Here’s a quick summary:
“Mike” takes a job with AQ&V, and finds that the “network health” team, tasked with finding out about outages and performance problems before the customer, was not actually spending any time resolving issues, because each member of the team was spending all their time using internal apps to enter tickets and generate reports.
No one on the team actually solved the problems.
Mike then decided to code a kludge of a script which would automate most of the repetitive tasks that the network team was doing, freeing them up to actually fix some of the problems. But when he tried to implement it, he found that the password to the development machine had been changed and that management had decided that they didn’t want him to actually solve problems – they just hired him to throw more manpower at entering trouble tickets… without solving them.
In the anecdote, as presented, it’s clear that AQ&V has a lot of problems with network performance – obviously, if you’re not fixing problems, problems will remain unresolved.
But it’s unsurprising that Mike wasn’t able to make headway in solving the problem – the problem wasn’t just that nothing was actually getting fixed, but that management didn’t care that nothing was getting fixed.
It’s not just that management blocked Mike’s kludge of a solution – but that they refused to acknowledge that there was a problem to begin with. What Mike should have done was try to get management on board first, before writing a single line of code. The first step in trying to improve any process in IT is convincing the people with the power to make decisions that the current process is flawed.
If Mike was unable to convince management that the process needed to be solved, he would have been no worse off than he was at the end of the story; if he was able to convince management that there was a problem, then he might have been able to bring more resources to bear and instead of writing a kludge, actually spend time and effort on improving the process with a more stable solution to the problem.
We’re technical people and because of that, we tend to think that the solutions to problems are often technical. The right code, the right script, and the problems are solved. The problem is that enterprise computing isn’t just technical knowledge, it’s also social interaction – meeting needs, and convincing people that needs exist and should be met.
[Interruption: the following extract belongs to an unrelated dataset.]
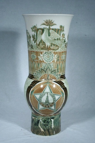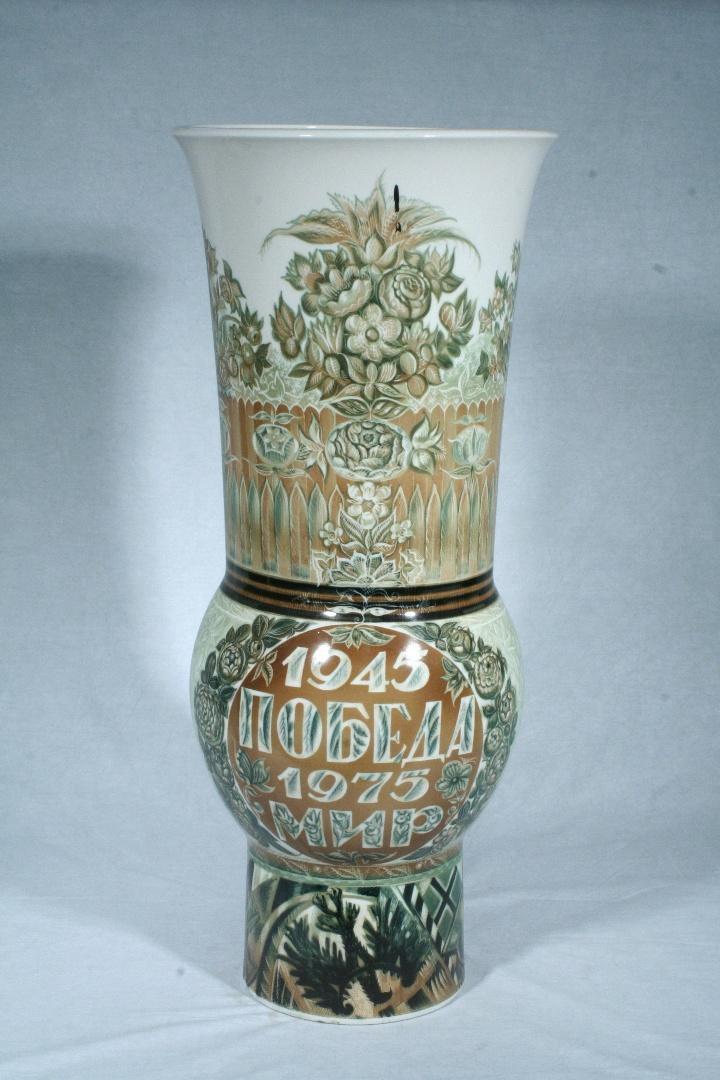 Ваза декоративная «Победа и Мир». Ленинградский фарфоровый завод имени М. В. Ломоносова. 1975 г. Автор росписи: Городецкий В. М. Фарфор, роспись подглазурная. Всероссийский музей декоративного искусства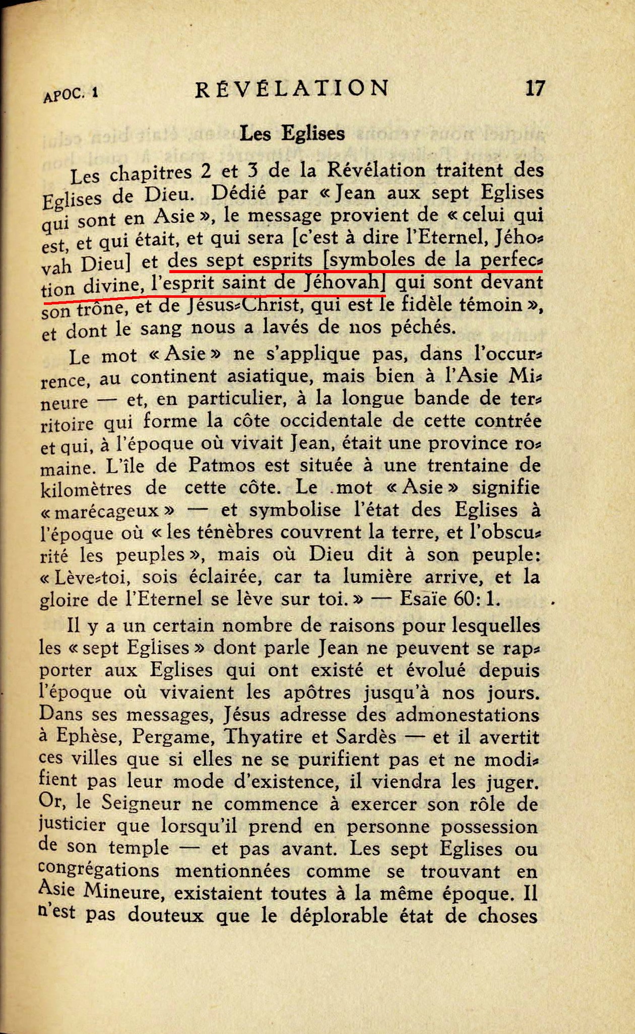 Les chapitres 2 et 3 de la Révélation traitent des Eglises de Dieu. Dédié par "Jean aux sept Eglises qui sont en Asie, le message provient de "celui qui est, et qui était, et qui sera [c'est à dire l'Eternel, Jéhovah Dieu] et des sept esprits [symboles de la perfection divine, l'esprit saint de Jéhovah] qui sont devant son trône, et de Jésus-Christ, qui est le fidèle témoin" [...] Source : 🇫🇷 Lumière, vol 1, page 17 + Cover |

Because of this, tools that help you take information from your network and present them in a simple, easy to understand way can be just as important as tools which directly solve problems – the former to convince management of the need for the latter.
This story reminds me of rudimentary ITIL principals and the requirement for the “people” part to participate in the process change. Incident Management may be the first step most organizations get under control – but that’s not just entering tickets. It’s also finding the quickest way to restore service. Problem management—solving problems—is much easier when Incident Management is done right because you’ll have priorities and begin to see patterns, but “AQ&V” wasn’t even scratching the surface on Incident Management, so there was little chance to evolve. The situation was like a bad sitcom.